I posted a thread showing my new bench and there was some interest in the build so here are some pics and narrative.

First step was milling the lumber. The top and leg pieces were dowelled to make gluing up easier. The top pieces were glued up into three sections. I don't recommend dowels for the final three pieces because they are very heavy and the dowels make joining them more difficult. 

http://www.routerforums.com/attachment.php?attachmentid=62621&stc=1&d=1372101328

http://www.routerforums.com/attachment.php?attachmentid=62622&stc=1&d=1372101430

The mortises and tenons were done before glue-up.
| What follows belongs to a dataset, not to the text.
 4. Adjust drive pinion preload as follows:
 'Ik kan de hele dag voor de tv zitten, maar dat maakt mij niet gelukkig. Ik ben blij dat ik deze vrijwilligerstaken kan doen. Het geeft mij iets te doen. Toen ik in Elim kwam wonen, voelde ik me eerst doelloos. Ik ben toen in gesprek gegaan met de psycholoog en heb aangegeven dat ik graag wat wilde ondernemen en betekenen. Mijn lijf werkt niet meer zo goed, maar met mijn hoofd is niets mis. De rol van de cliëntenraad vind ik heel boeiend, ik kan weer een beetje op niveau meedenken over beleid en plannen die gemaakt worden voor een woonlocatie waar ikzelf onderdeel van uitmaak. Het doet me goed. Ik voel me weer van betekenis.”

http://www.routerforums.com/attachment.php?attachmentid=62623&stc=1&d=1372101528

The stretchers were fitted into shallow mortises made using a quick jig. Here is the first cut.
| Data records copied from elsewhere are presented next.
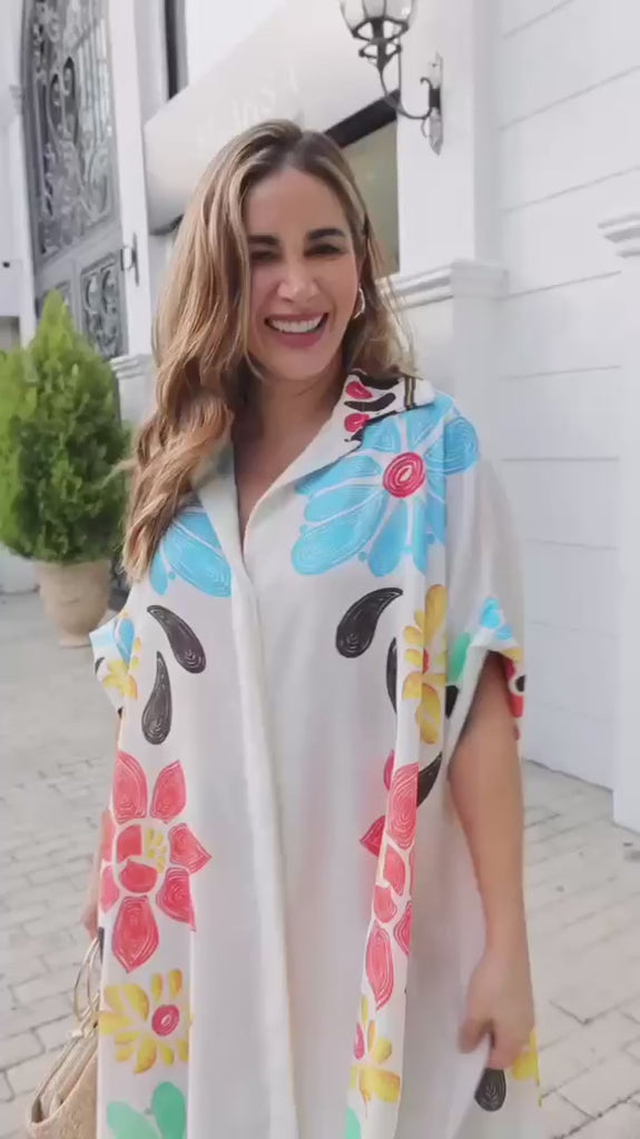 Step into the beauty of spring with our Delicate White Floral Dress, designed to bring a fresh, vibrant touch to your wardrobe. Adorned with a stunning floral print in shades of red, blue, and yellow, this dress exudes a playful yet elegant charm.
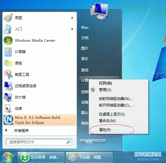 1. 在開始菜單欄或桌面上找到計算機,在【計算機】上右鍵,選擇【屬性】,如下圖:
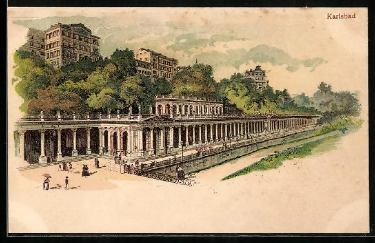 Lithographie Karlsbad, Ortspartie mit Promenade
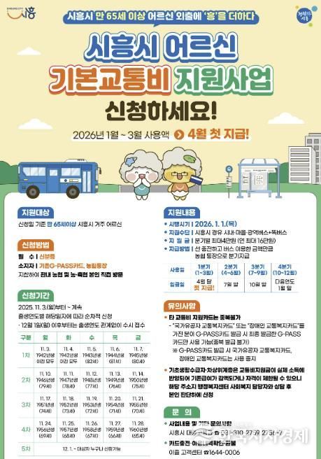 이번 사업은 시흥시에 거주하는 만 65세 이상 어르신들에게 실제 사용한 교통비를 분기별로 최대 4만 원(연 최대 16만 원)을 지원한다. 사전 신청은 오는 11월 3일부터 시작되며, 2026년 1월 1일 이후 사용분부터 적용해 같은 해 4월 말 첫 지급이 이뤄질 예정이다.
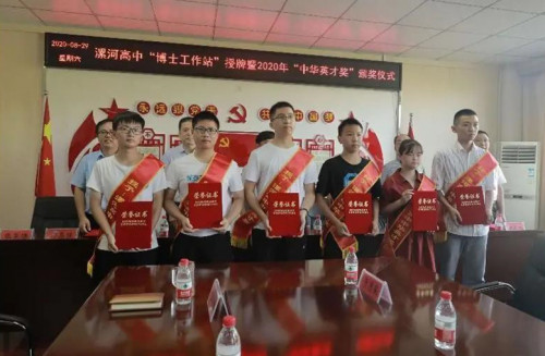 仪式上,中国教育科学研究院党委委员、教育法治与标准研究所所长杨润勇博士授予漯河高中“中国教育科学研究院杨润勇博士工作站”牌匾。漯河高中党委委员、副校长郭全昌宣读《漯河高中关于2020年高考“中华英才奖”的表彰决定》,获奖的18名学生中,有6名学生被清华大学录取,5名学生被北京大学录取,1名学生被海军航空大学录取,6名学生被香港理工大学等名校录取。与会领导为18名获奖学生颁发荣誉证书,名师领航工程教育发展基金赵晓红女士为获奖学生颁发奖励基金和奖杯。
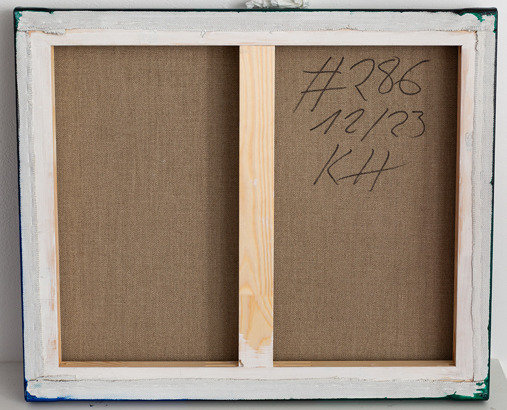 Dieses zeitgenössische, moderne Gemälde wird auf einem Holzkeilrahmen geliefert.
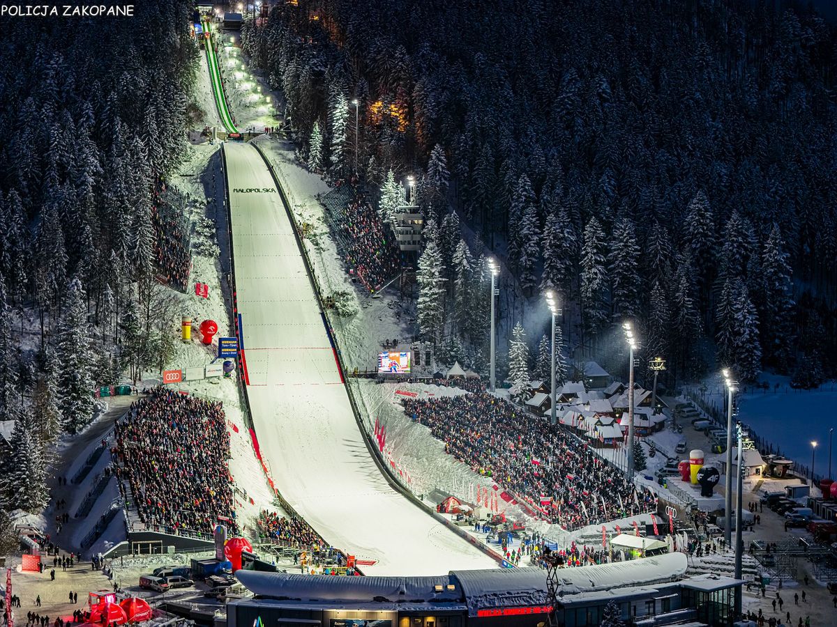 Blisko 200 małopolskich policjantów pełni służbę w powiecie tatrzańskim w ten wyjątkowy weekend ze skokami narciarskimi. Tysiące kibiców dopingowało zawodnikom startującym na rozbiegu na Wielkiej Krokwi. Policjanci dbali o porządek w rejonie rozgrywania zawodów jak również dbali o bezpieczny przebieg fety po zakończeniu rywalizacji sportowej.

http://www.routerforums.com/attachment.php?attachmentid=62624&stc=1&d=1372101651

The tenons were easy with this jig.

http://www.routerforums.com/attachment.php?attachmentid=62625&stc=1&d=1372101780

Centering the hole for the 6 inch lag bolts that hold the stretchers in place was tricky. First a hole was drilled on the drill press.
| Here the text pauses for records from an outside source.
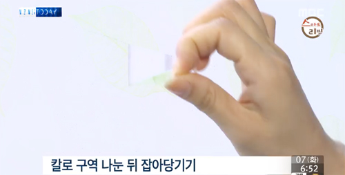한 번에 뜯기 어려울 경우에는 칼로 살짝 그어 구역을 나눈 뒤 윗부분을 잡고 아래로
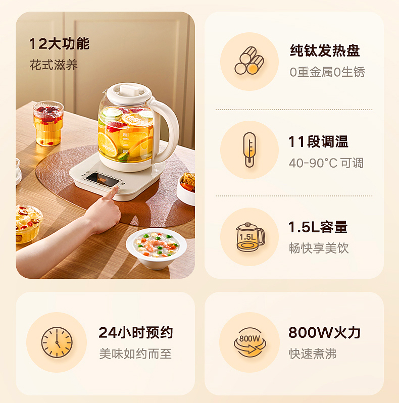 积米钛养身壶,一台=N台!炖品+煲汤+熬粥+甜品+药膳 +花、果茶+温奶等等,全都一壶搞定!
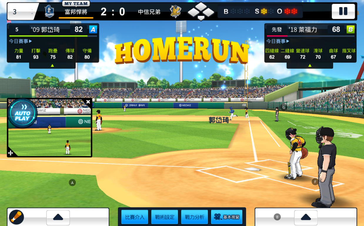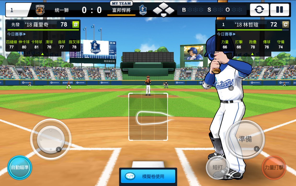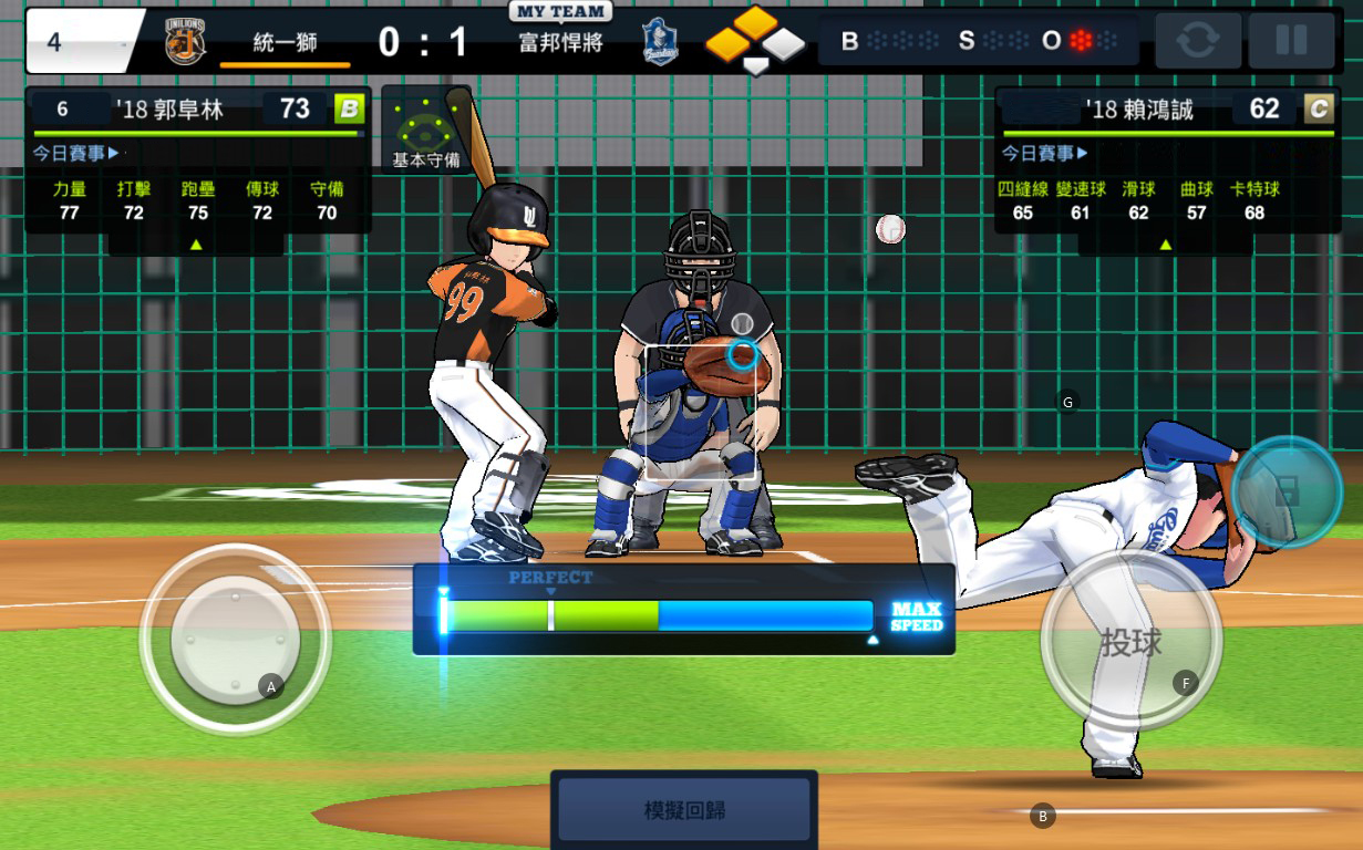 在《棒球大王》的季賽模式中,玩家可選擇自動投球模式,並在確認球種後選擇想要投球的位置,最後將量條控制在PERFECT區域中就能完美投球。如同球員在牛棚練投般,選中攻擊的角度,精準的投出關鍵一擊,為牛棚守住勝利!更棒的是,玩家還能選擇AI來協助進行比賽,讓你連打連勝,比賽不中斷!

http://www.routerforums.com/attachment.php?attachmentid=62626&stc=1&d=1372101941

Then the stretcher was fitted into its mortise and the bolt hole was carefully drilled by hand. (A good trick to keep a drill level is to put a washer on the bit and as long as the washer stays in one place the bit is level.) This photo also shows the slot to access the bolt in the stretcher.

http://www.routerforums.com/attachment.php?attachmentid=62627&stc=1&d=1372102020

Before assembling the legs I wanted to test fit the jaw vise. The jaw is made over size. It was cut exact size after the bench was assembled.
The slot for the slider had to be precisely cut. First the jaw was done then the leg. Then the slots for the leg and jaw were aligned and clamped together and the hole for the screw drilled.

http://www.routerforums.com/attachment.php?attachmentid=62628&stc=1&d=1372102125

Then the hole for the screw was drilled through both the jaw and leg.

http://www.routerforums.com/attachment.php?attachmentid=62629&stc=1&d=1372102271

The jaw and leg were test fitted before the legs were finally assembled. Here they are in my vise.

http://www.routerforums.com/attachment.php?attachmentid=62630&stc=1&d=1372102382

Here are the legs after glue-up. I've added a piece to lag bolt the top to the legs. The holes are half inch and the lags are one quarter to allow for movement.

http://www.routerforums.com/attachment.php?attachmentid=62631&stc=1&d=1372102477

The top was glued into three sections that I could run through my planer for final leveling. Then the three sections were glued together.

http://www.routerforums.com/attachment.php?attachmentid=62632&stc=1&d=1372102619

The top was cut to final length after a test fit. 

http://www.routerforums.com/attachment.php?attachmentid=62633&stc=1&d=1372102883

Final assembly and done. Thanks for looking. Any and all comments welcome.

http://www.routerforums.com/attachment.php?attachmentid=62634&stc=1&d=1372102952


----------



## Willway (Aug 16, 2012)

Beautiful and thoughtfully built Dennis. That much hard maple would cost a small fortune here in west Texas. That is something even your great grandchildren can be proud of!!!!!!!


----------



## Daikusan (Apr 12, 2013)

Thanks for sharing the details, the project turned out beautiful. Not to mention the usability or functionality.


----------



## OPG3 (Jan 9, 2011)

Dennis, That is a well-documented and beautiful workbench build! You should enjoy using that for many years to come! Good planning certainly pays off!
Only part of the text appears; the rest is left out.